Exploring the future traffic: how does AI navigation predict that the red light will turn green and let you pass the signal light first?

With the acceleration of urbanization and the popularity of automobiles, traffic congestion has become a problem in many cities. Because of the difference of traffic signal control mechanism, navigation software sometimes leads drivers to crowded sections, which slows down the travel speed and affects the road traffic flow. In recent years, more and more navigation software began to try to predict the change of traffic lights through intelligent technology, so that drivers can travel more efficiently. So, how does the navigation know that the red light is about to turn green? This involves black technology such as machine learning and Internet of Things technology, which will be introduced in detail below.

First, the traffic light control mechanism

Before introducing the change mechanism of navigation forecasting traffic lights, let’s first understand the principle of traffic light control. Signal light control mainly adopts timing control and induction control.

Timing control: the signal light changes according to the preset time, for example, the parking red light is on for 3 minutes and the green light is on for 1 minute. This method is mainly suitable for areas with small human flow, such as night or remote areas.

Induction control: the signal lamp responds to the traffic flow on the road through the induction equipment, and dynamically adjusts the time of light color change. For example, when it is detected that the traffic volume increases and there is accumulation at the same time, the signal lamp will adjust the color change time according to the situation to give priority to ensuring the smooth flow of traffic.

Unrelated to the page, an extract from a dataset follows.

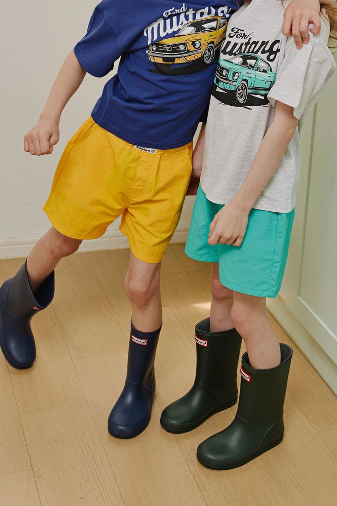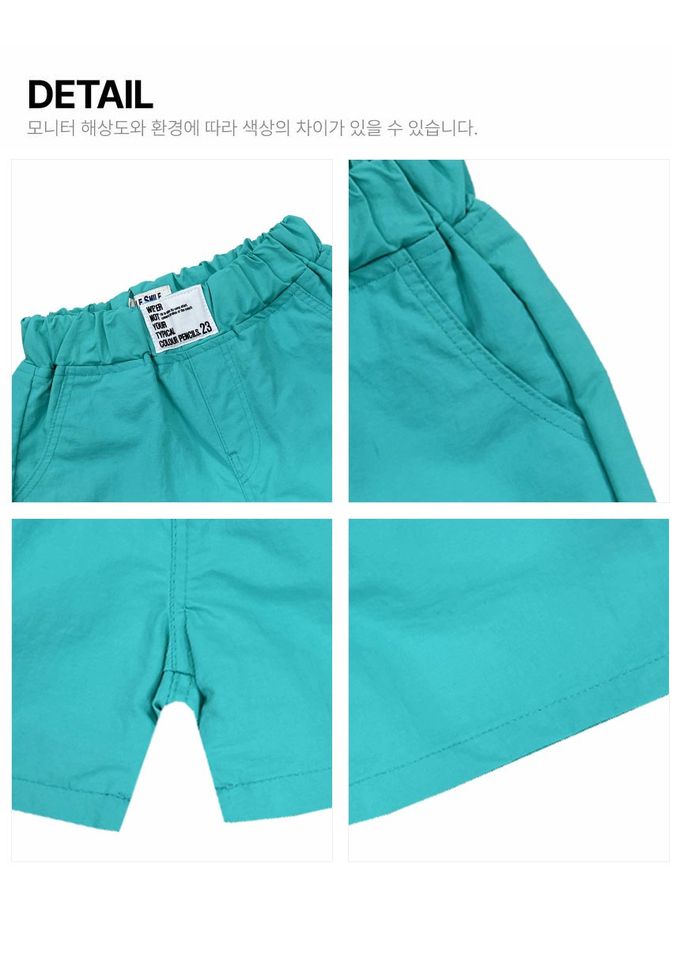 韓國南大門童裝 - APPLE SMILE 鬆緊腰夏日氛圍尼龍短褲-湖水綠

Second, how does navigation predict the change of signal lights?

Based on the different control mechanisms of traffic lights, navigation software can use different technologies to predict the changes of traffic lights.

1. Timing prediction

For the signal lamp with timing control, navigation can calculate the period and time of signal lamp change by recording historical data, and compare it with the current time, thus predicting the time of signal lamp change. This method is simple and reliable, and is suitable for areas with small human flow. However, because this method can’t consider external factors such as traffic flow changes on roads, the accuracy is low for urban areas with traffic congestion.

2. Sensor prediction

For traffic lights controlled by inductive devices, navigation software can obtain real-time traffic flow data through the Internet of Things technology, so as to predict the changes of traffic lights. This method needs to cooperate with the sensor equipment on the road, and establish a data model by collecting data such as traffic flow and speed, so as to accurately predict the changing time of traffic lights. For example, Google tried this method in its own map, and established a global traffic information database by collecting users’ location data and traffic condition data, thus providing real-time congestion information on a global scale.

3. Artificial intelligence prediction

In addition to sensor prediction, machine learning can also be applied to signal light change prediction. Navigation software can build a model to predict the change of traffic lights by collecting users’ position, speed and various data used for road features, such as historical traffic volume, rush hour travel time, weather, etc., and then using machine learning algorithms to analyze these data. Using artificial intelligence technology to predict traffic lights can predict the changing time of traffic lights more accurately, and at the same time, take road traffic conditions into consideration to enhance the stability and accuracy of prediction.

III. Summary of the article

With the continuous development of Internet of Things technology and artificial intelligence, the ability of navigation software to predict the change of traffic lights will become stronger and stronger. To sum up, navigation can predict the change of traffic lights by recording historical data, sensor prediction and artificial intelligence prediction. However, at present, the accuracy of navigation software to predict the change of traffic lights still needs to be improved, and more accurate data collection and more efficient algorithms are needed to strengthen the prediction model. The technology of predicting the change of traffic lights can better realize the intelligence of urban traffic and provide drivers with a more convenient and efficient travel experience.